Ultimately, though, “Freddie” turns on Harvey Guillén and Kayvan Novak, who demonstrate once again why this relationship is where What We Do In The Shadows has invested so much of its admittedly sporadic character development energy over the years. The show takes Guillermo’s feelings about his sewage-strewn living situation, his general disrespect from the housemates, and his fruitless quest to become a vampire pretty lightly. But it always takes his feelings about Nandor—and his need for Nandor to see him as more than just an expression of his endless desire to have stuff—seriously. So when Guillermo expresses to Nandor that he’s genuinely hurt him, it hits. So does Novak’s reaction; he’s always been good at projecting a childlike innocence that endlessly threatens to leak through Nandor’s haughty self-regard, and the moment when his face opens up as he realizes he’s really hurt his best friend rings true.

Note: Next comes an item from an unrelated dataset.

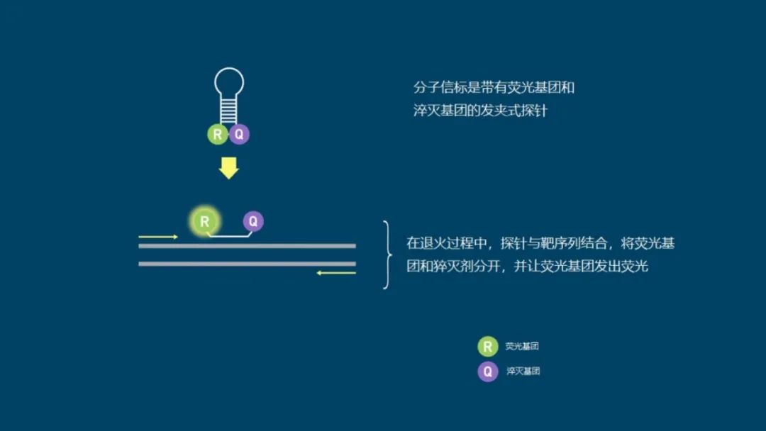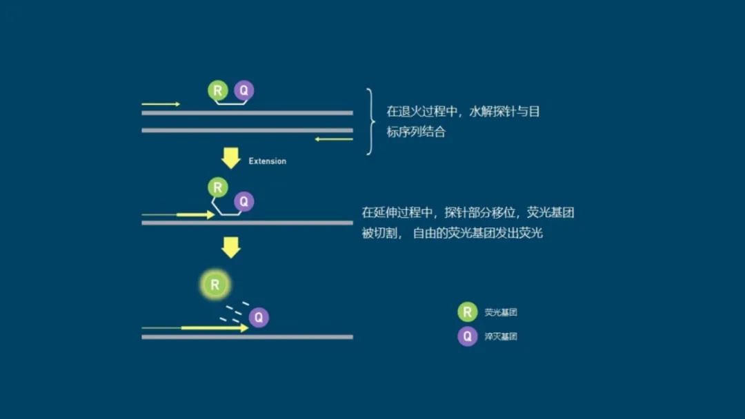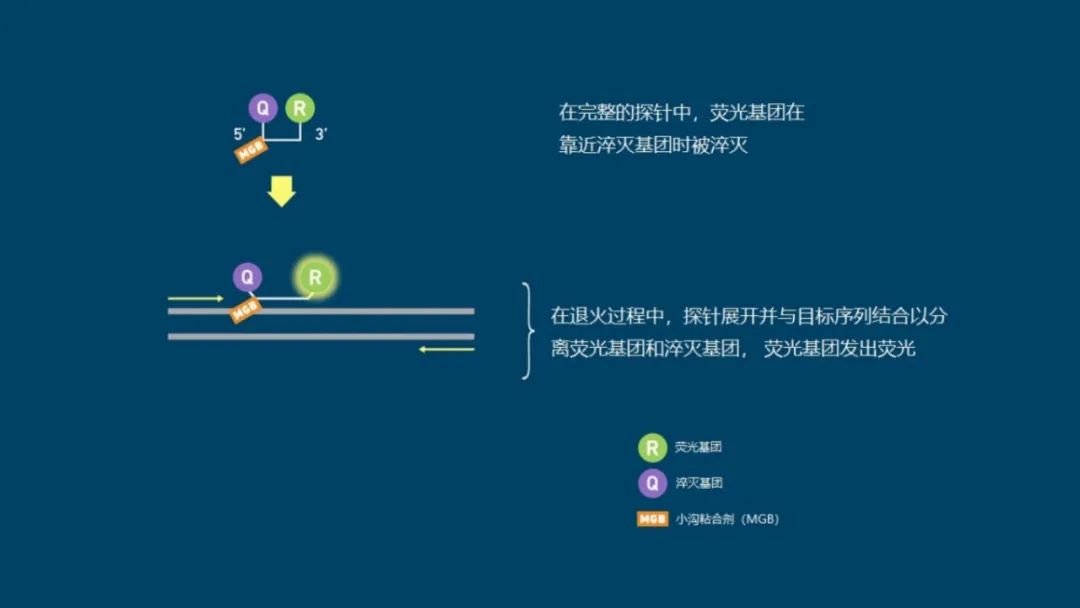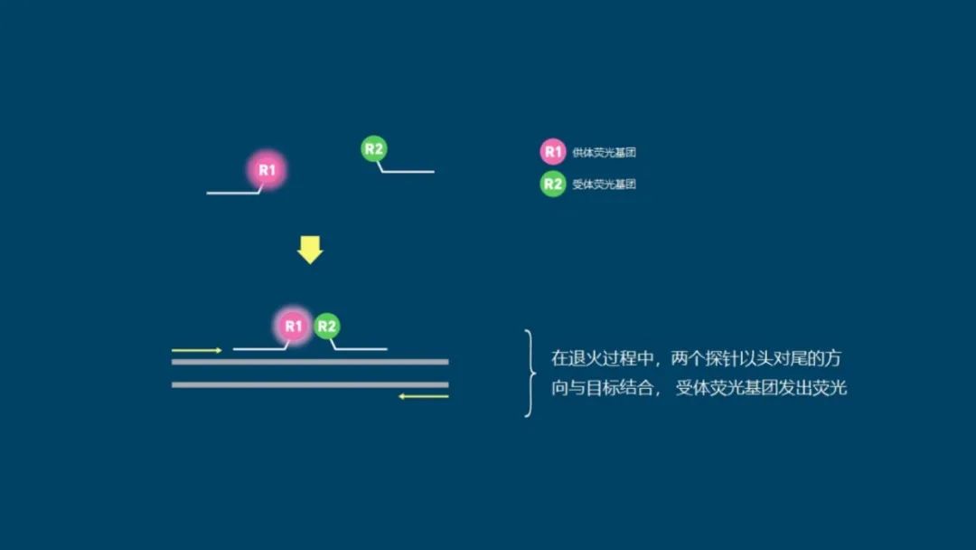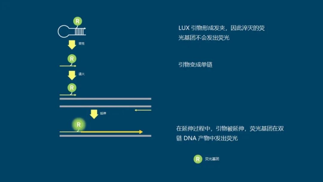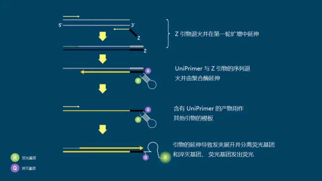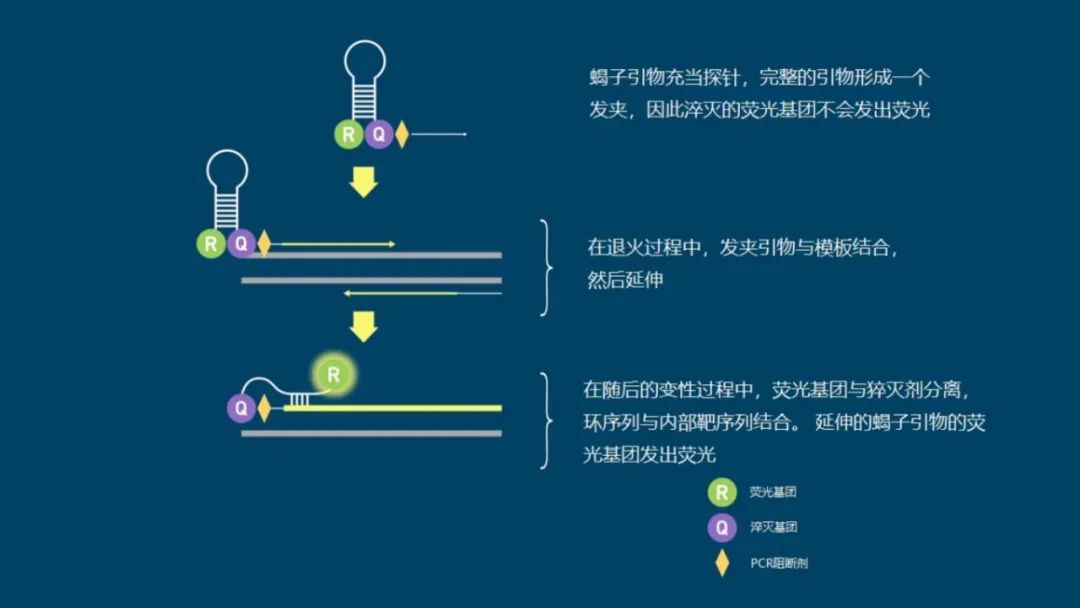 有许多不同类型的荧光探针和引物化学试剂可用于qPCR,但大多数依赖于某种形式的共价连接的荧光淬灭基团分子,该分子在特定目标序列存在时被释放。 与嵌入染料不同,探针是特异性的,因此必须为每个检测设计,增加了检测设置的复杂性和成本。然而,这确实意味着它们也提高了检测的特异性。 不同的探针通过使用不同的荧光基团可以发出不同波长的荧光,因此只要选择了兼容的探针,并且设备拥有所需的过滤器,它们就可以被复用。 虽然最初的检测开发时间可能更长、更复杂,但多路复用可以通过在一个孔中进行多项测试来减少后续的设置时间和试剂使用。 常见的荧光探针包括: 01 水解探针 水解探针,也叫TaqMan或5'核酸酶,是最常用的探针类型之一,水解探针包括一个序列特定的荧光标记的寡核苷酸探针,一端是荧光基团,另一端是淬灭基团。 当完整时,淬灭基团会抑制荧光信号。在目标扩增过程中,某些聚合酶的5'到3'外切酶活性会裂解探针,因此荧光基团不再靠近淬灭基团,从而产生荧光信号(图4)。 图4 | 水解探针的工作原理 荧光基团(R)显示为绿色,淬灭基团(Q)显示为紫色,目标DNA为灰色,扩增序列为黄色(粗线),引物为黄色(细线)。 02 分子信标 与水解探针一样,分子信标是序列特定的荧光标记的寡核苷酸探针。然而,它们的两端附近有赠送的碱基(5或6个),形成一个发夹结构,使淬灭基团靠近荧光基团并淬灭信号。 当探针与目标序列结合时,茎部变性,使荧光基团和淬灭基团分开,从而产生信号(图5)。由于其结构,分子信标探针比水解探针更难设计。 图5 | 分子信标的工作原理 荧光基团(R)显示为绿色,淬灭基团(Q)为紫色,目标DNA为灰色,引物为黄色。 03 双重杂交探针 双重杂交探针也被称为LightCycler或FRET探针,这种技术使用一对探针,旨在结合相邻的序列,用供体荧光基团和受体荧光基团对标记,表现出荧光共振能量转移(FRET)。当探针与它们的目标序列结合时,供体和受体染料接近,发生FRET,受体发出荧光(图6)。 图6 | 双杂交探针的工作原理 供体荧光基团(R1)显示为粉红色,受体荧光基团(R2)为绿色,目标DNA为灰色,引物为黄色。 04 小凹槽结合剂(MGB)探针 小凹槽结合剂(MGB)探针也被称为Eclipse探针,它们像水解探针一样在两端有一个荧光基团和淬灭基团。 然而,它们在淬灭基团附近也有一个MGB。在没有目标的情况下,MGB探针随机地盘绕,使荧光基团和淬灭基团接近。 当探针与目标物结合时,在MGB的帮助下,探针线性化,允许荧光基团发光(图7)。 图7 | MGB探针的工作原理 荧光基团(R)显示为绿色,淬灭基团(Q)为紫色,MGB为橙色,目标DNA为灰色,引物为黄色。 05 Amplifluor检测 在这里,「探针」被称为UniPrimer。 UniPrimer的一端是荧光基团,另一端是淬灭基团,在未结合状态下形成一个发夹环,淬灭信号。 在第一轮扩增中,目标特异性引物对中的一个(称为Z引物)退火并延伸,产生一个产物。 在第二轮中,这对引物中的另一个引物附着在新形成的产物上并延伸以形成第二条链。 然后,它作为UniPrimer的模板,与Z引物序列结合。延伸导至UniPrimer展开,释放出淬灭的荧光基团(图8)。 图8 | Amplifluor检测的工作原理。 荧光基团(R)显示为绿色,淬灭基团(Q)显示为紫色,目标DNA为灰色,扩增序列为深黄色,引物为黄色,Z引物为黑色。 06 蝎子探针 在这种方案中,其中一个引物也作为探针。 它在对立的两端有一个荧光基团和淬灭基团,形成一个茎环结构,当不与目标结合时,信号会被淬灭。一段与引物结合位点下游和扩增子内的区域相匹配的序列被纳入环路内。 在扩增过程中,该区域与其目标结合,导至环路断开,使荧光基团脱离淬灭基团的影响(图9)。 图9 | 蝎子探针的工作原理 荧光基团(R)显示为绿色,淬灭基团(Q)显示为紫色,目标DNA为灰色,扩增序列为黄色(粗线),PCR阻断剂为橙色,引物为黄色(细线)。 07 LUX探针 同样,基于LUX的检测的引物之一也充当探针,然而,与蝎子探针不同,它没有淬灭基团。 LUX引物的一端有一个荧光基团,采用发夹结构,本身就能淬灭荧光基团信号。当引物与目标物结合时,它变得线性化,解除了荧光基团的淬灭并产生了荧光信号(图10)。 图10 | LUX探针的工作原理 荧光基团(R)显示为绿色,目标DNA为灰色,扩增序列为深黄色,引物为浅黄色。 08 QZyme探针 在QZyme检测中加入了一个底物,其中包含一个荧光基团和淬灭基团,并保持在接近的位置。 其中一个引物包含了能够裂解底物的催化性DNA区域的反义序列。一旦扩增,该区域就会裂解底物,将淬灭基团与荧光基团分离,产生荧光信号(图11)。 图11 | QZyme探针的工作原理 荧光基团(R)为绿色,淬灭基团(Q)为紫色,目标DNA为灰色,扩增序列为深黄色,引物为淡黄色,互补的催化区为粉色和黄色。 09 LocNA探针 LocNAs是含有亚甲基桥的修饰核苷酸,限制了结构的灵活性(图12)。在探针序列中加入LocNAs可以提高特异性,便于使用较短的qPCR探针,对具有挑战性的序列有帮助。 图12 | 一个LocNAs 修改后的碱基在戊糖环的2′O和4′C之间含有亚甲基桥键(红色)。 本文节选自《qPCR简明技术手册》。 |

So: busted nightclub, heartbroken hero, terrifying teenager. We’re clearly at the all-is-lost moment of the season. The only thing left to do is tune in next week, and see if “Sunrise, Sunset” can grant our main characters a dose of the same happiness we see tonight from the guy dating his own magically created clone, or the hyper-flexible clown. Fingers crossed!

Stray observations

  • I rolled my eyes a bit at the celebrity cameos from Coppola, Mars, and Jim Jarmusch, but the reveal of the “Celebrity Special” got the first big laugh of the night out of me. “Surely they won’t kill them” I caught myself thinking, foolishly—right before Coppola’s head came off.
  • Call Me Colin contains a number of Laszlo Cravensworth originals (as seen way back in “Collaboration”), including “Kokomo, Seafarer’s Song” and “Cum On Irene.” (It was “Chum On, Irene” back in season 2; I’m noting this mostly so people won’t yell at me if they fix or change it between my review screener and the broadcast version.)
  • I’ll miss Fakhri, who really made the most of Marwa’s magically-induced blandness. (Or, as Nandor puts it: “Fuck, she’s boring.”)
  • Laszlo lists the great vampire musical acts: “Gloria Estefang. Bloody Holly. Bat Stevens. Batboy Slim. Paul And Throates. Tame Impaler. The Undead Kennedys.”
  • “Rest in peace, Sofia Copp…opola.”
  • Highlights from the child act auditions include the spelling bee kid who is repped by “Grandpa and Grandma” and who gets Nadja to loudly declare, “Your bullies are not doing a good enough job!”
  • Nadja singing about a large bird “stealing all my brothers” once is funny; twice is magical. “I realized that the egg was me!”
  • Nandor, when Guillermo lays it all out for him: “Stop saying things that I have done!”
  • The reveal of the identifying signs on the back of both Freddies killed me.
  • Nandor, after releasing his Freddie (who he decides not to turn back into Marwa, because “she seems happier this way”) to see the world: “I suppose I am the one who is now granting a wish…. Fucking sucks.”
  • Laszlo bursts back into Nadja’s with a foolproof plan to save the club: “I’ve heard of this amazing clown who can suck himself dry!”
  • “Impaler Swift. Bruno Scars. Lindsay Suckingham. Bonnie Wraith. Wraith Hill. Wraith Evans. Billy Wraith Cyrus. Wraith No More. Wraith Charles. I could go on.” God, this must be a fun writers’ room.